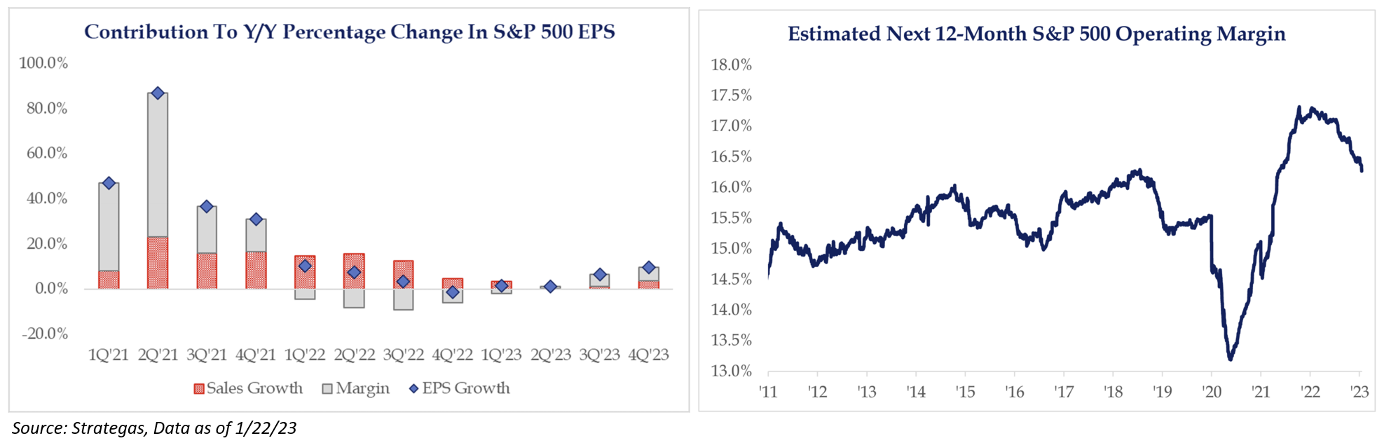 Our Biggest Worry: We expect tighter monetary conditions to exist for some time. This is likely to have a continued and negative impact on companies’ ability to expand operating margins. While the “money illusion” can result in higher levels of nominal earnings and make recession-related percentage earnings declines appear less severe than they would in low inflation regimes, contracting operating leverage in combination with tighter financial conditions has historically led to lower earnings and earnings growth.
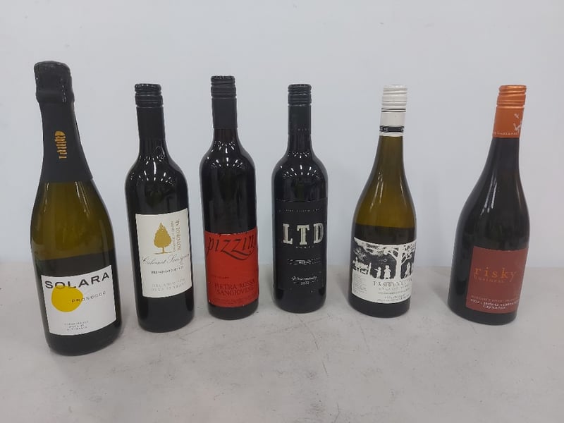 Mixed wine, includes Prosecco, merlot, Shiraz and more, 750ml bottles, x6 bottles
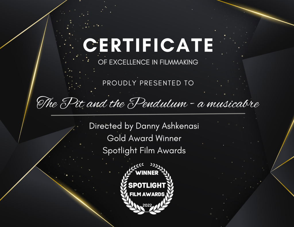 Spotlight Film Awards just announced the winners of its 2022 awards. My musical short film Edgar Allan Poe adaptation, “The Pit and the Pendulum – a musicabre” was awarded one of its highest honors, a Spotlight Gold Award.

-------------------------

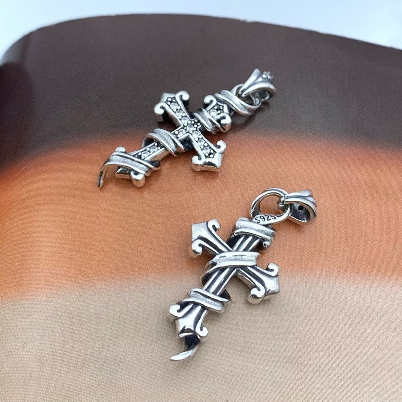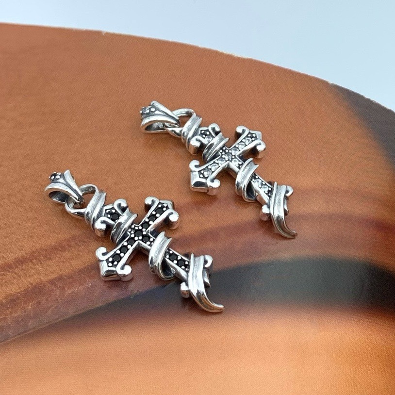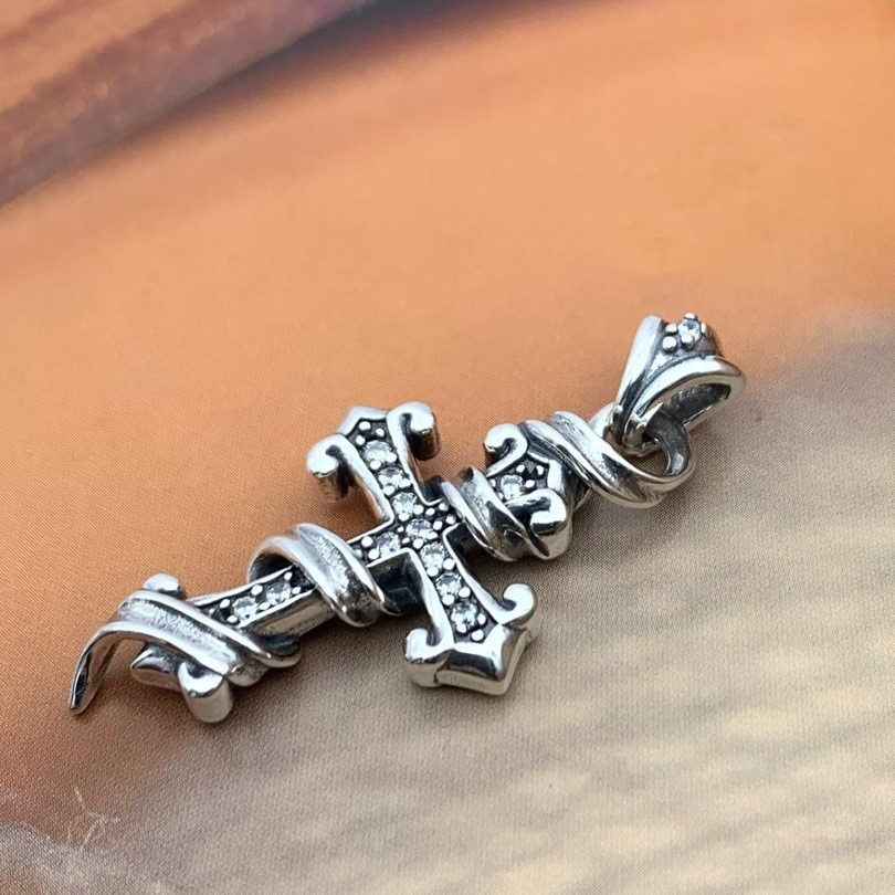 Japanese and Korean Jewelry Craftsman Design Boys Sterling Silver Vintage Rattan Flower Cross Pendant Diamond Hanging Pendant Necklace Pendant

-------------------------

What you need to do: All lines above from the one containing "Our Biggest Worry: We" up to and including the one containing "Mixed wine, includes" are to be set down exactly, and nothing else. Leave images out.

Task result:
 Our Biggest Worry: We expect tighter monetary conditions to exist for some time. This is likely to have a continued and negative impact on companies’ ability to expand operating margins. While the “money illusion” can result in higher levels of nominal earnings and make recession-related percentage earnings declines appear less severe than they would in low inflation regimes, contracting operating leverage in combination with tighter financial conditions has historically led to lower earnings and earnings growth.
 Mixed wine, includes Prosecco, merlot, Shiraz and more, 750ml bottles, x6 bottles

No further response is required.